*** Opening DATASET ENTRIES ***

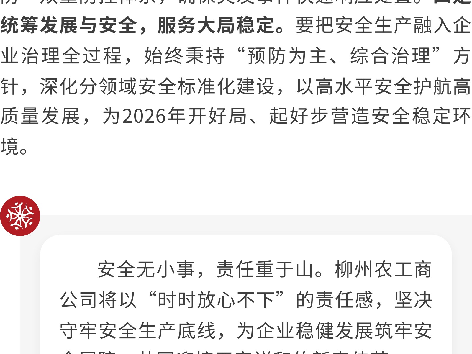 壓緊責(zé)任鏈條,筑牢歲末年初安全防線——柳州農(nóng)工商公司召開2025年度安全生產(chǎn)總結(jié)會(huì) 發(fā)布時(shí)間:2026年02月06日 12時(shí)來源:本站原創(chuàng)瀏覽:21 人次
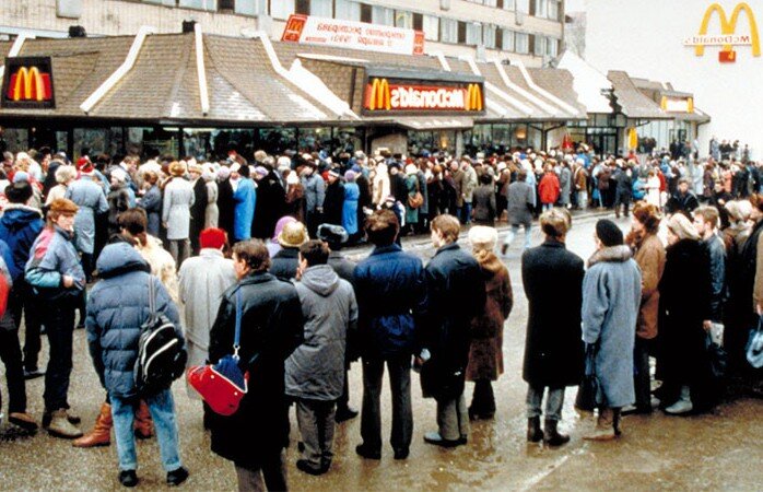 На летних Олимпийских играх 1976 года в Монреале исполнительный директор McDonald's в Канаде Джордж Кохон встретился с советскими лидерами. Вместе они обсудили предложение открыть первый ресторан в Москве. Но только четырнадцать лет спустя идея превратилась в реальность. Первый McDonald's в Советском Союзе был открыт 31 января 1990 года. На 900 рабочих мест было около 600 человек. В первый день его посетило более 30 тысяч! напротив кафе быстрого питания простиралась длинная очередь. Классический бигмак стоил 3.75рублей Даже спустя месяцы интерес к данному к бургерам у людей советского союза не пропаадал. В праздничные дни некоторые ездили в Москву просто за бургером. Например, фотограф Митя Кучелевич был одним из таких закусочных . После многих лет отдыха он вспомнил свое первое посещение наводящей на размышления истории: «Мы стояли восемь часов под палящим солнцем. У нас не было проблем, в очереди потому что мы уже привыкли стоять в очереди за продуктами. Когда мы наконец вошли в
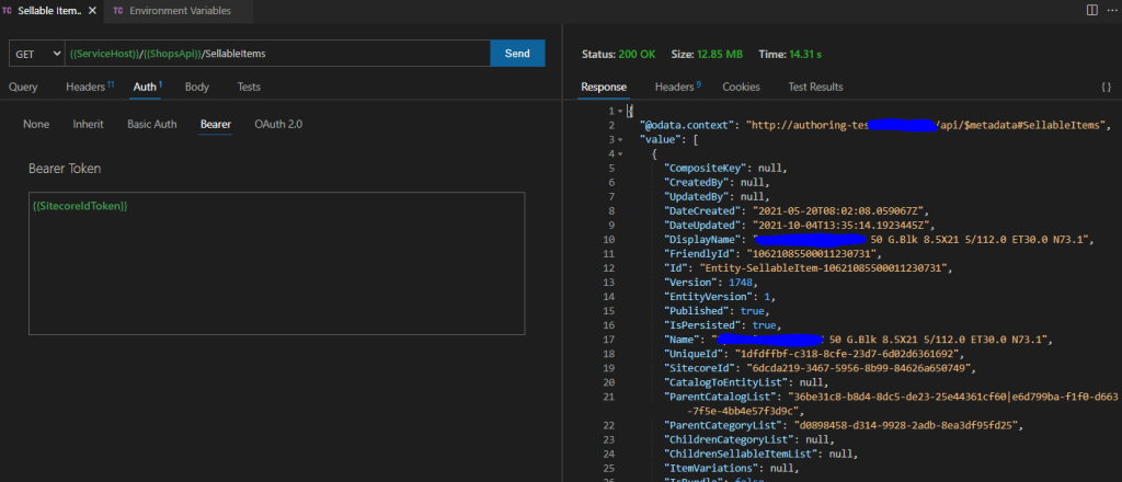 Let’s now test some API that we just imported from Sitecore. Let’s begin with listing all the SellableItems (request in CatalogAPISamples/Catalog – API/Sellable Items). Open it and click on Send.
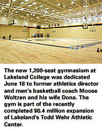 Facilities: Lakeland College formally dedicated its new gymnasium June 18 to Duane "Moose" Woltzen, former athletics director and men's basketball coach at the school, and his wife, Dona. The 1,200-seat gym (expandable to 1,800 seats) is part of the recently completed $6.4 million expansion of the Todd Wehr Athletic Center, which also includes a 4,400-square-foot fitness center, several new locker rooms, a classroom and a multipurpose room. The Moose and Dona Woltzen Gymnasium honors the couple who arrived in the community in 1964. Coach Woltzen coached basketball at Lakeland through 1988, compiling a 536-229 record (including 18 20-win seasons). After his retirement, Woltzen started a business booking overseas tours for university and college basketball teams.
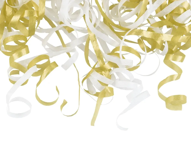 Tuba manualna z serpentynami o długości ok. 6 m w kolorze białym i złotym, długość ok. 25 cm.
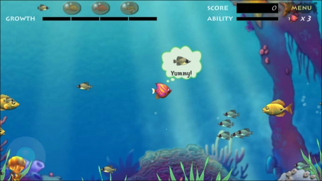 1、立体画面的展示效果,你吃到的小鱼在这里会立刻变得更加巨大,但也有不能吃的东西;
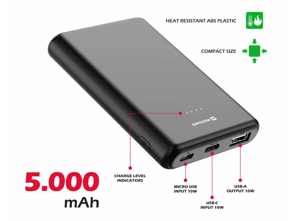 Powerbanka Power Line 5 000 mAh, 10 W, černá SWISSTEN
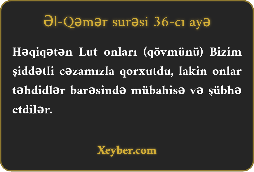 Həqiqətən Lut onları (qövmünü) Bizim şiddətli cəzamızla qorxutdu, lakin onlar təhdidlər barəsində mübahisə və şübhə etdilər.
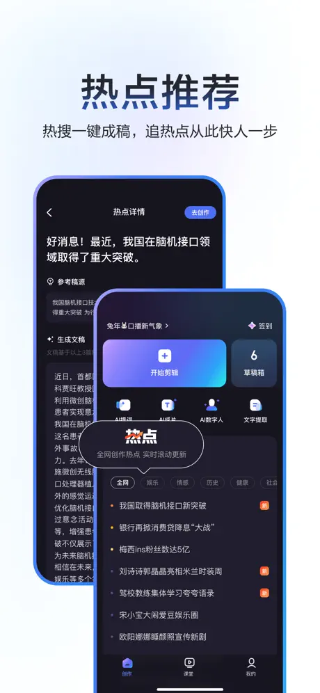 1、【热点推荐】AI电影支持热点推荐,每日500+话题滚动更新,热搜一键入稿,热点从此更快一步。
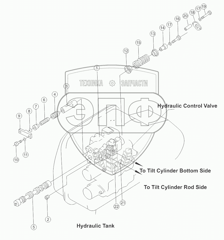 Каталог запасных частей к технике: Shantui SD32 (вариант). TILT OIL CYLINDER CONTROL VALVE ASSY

*** Closing DATASET ENTRIES ***

**THE TASK:** Transcribe every entry word for word, excluding images.

**SOLVED EXERCISE:**
 壓緊責(zé)任鏈條,筑牢歲末年初安全防線——柳州農(nóng)工商公司召開2025年度安全生產(chǎn)總結(jié)會(huì) 發(fā)布時(shí)間:2026年02月06日 12時(shí)來源:本站原創(chuàng)瀏覽:21 人次
 На летних Олимпийских играх 1976 года в Монреале исполнительный директор McDonald's в Канаде Джордж Кохон встретился с советскими лидерами. Вместе они обсудили предложение открыть первый ресторан в Москве. Но только четырнадцать лет спустя идея превратилась в реальность. Первый McDonald's в Советском Союзе был открыт 31 января 1990 года. На 900 рабочих мест было около 600 человек. В первый день его посетило более 30 тысяч! напротив кафе быстрого питания простиралась длинная очередь. Классический бигмак стоил 3.75рублей Даже спустя месяцы интерес к данному к бургерам у людей советского союза не пропаадал. В праздничные дни некоторые ездили в Москву просто за бургером. Например, фотограф Митя Кучелевич был одним из таких закусочных . После многих лет отдыха он вспомнил свое первое посещение наводящей на размышления истории: «Мы стояли восемь часов под палящим солнцем. У нас не было проблем, в очереди потому что мы уже привыкли стоять в очереди за продуктами. Когда мы наконец вошли в
 Let’s now test some API that we just imported from Sitecore. Let’s begin with listing all the SellableItems (request in CatalogAPISamples/Catalog – API/Sellable Items). Open it and click on Send.
 Facilities: Lakeland College formally dedicated its new gymnasium June 18 to Duane "Moose" Woltzen, former athletics director and men's basketball coach at the school, and his wife, Dona. The 1,200-seat gym (expandable to 1,800 seats) is part of the recently completed $6.4 million expansion of the Todd Wehr Athletic Center, which also includes a 4,400-square-foot fitness center, several new locker rooms, a classroom and a multipurpose room. The Moose and Dona Woltzen Gymnasium honors the couple who arrived in the community in 1964. Coach Woltzen coached basketball at Lakeland through 1988, compiling a 536-229 record (including 18 20-win seasons). After his retirement, Woltzen started a business booking overseas tours for university and college basketball teams.
 Tuba manualna z serpentynami o długości ok. 6 m w kolorze białym i złotym, długość ok. 25 cm.
 1、立体画面的展示效果,你吃到的小鱼在这里会立刻变得更加巨大,但也有不能吃的东西;
 Powerbanka Power Line 5 000 mAh, 10 W, černá SWISSTEN
 Həqiqətən Lut onları (qövmünü) Bizim şiddətli cəzamızla qorxutdu, lakin onlar təhdidlər barəsində mübahisə və şübhə etdilər.
 1、【热点推荐】AI电影支持热点推荐,每日500+话题滚动更新,热搜一键入稿,热点从此更快一步。
 Каталог запасных частей к технике: Shantui SD32 (вариант). TILT OIL CYLINDER CONTROL VALVE ASSY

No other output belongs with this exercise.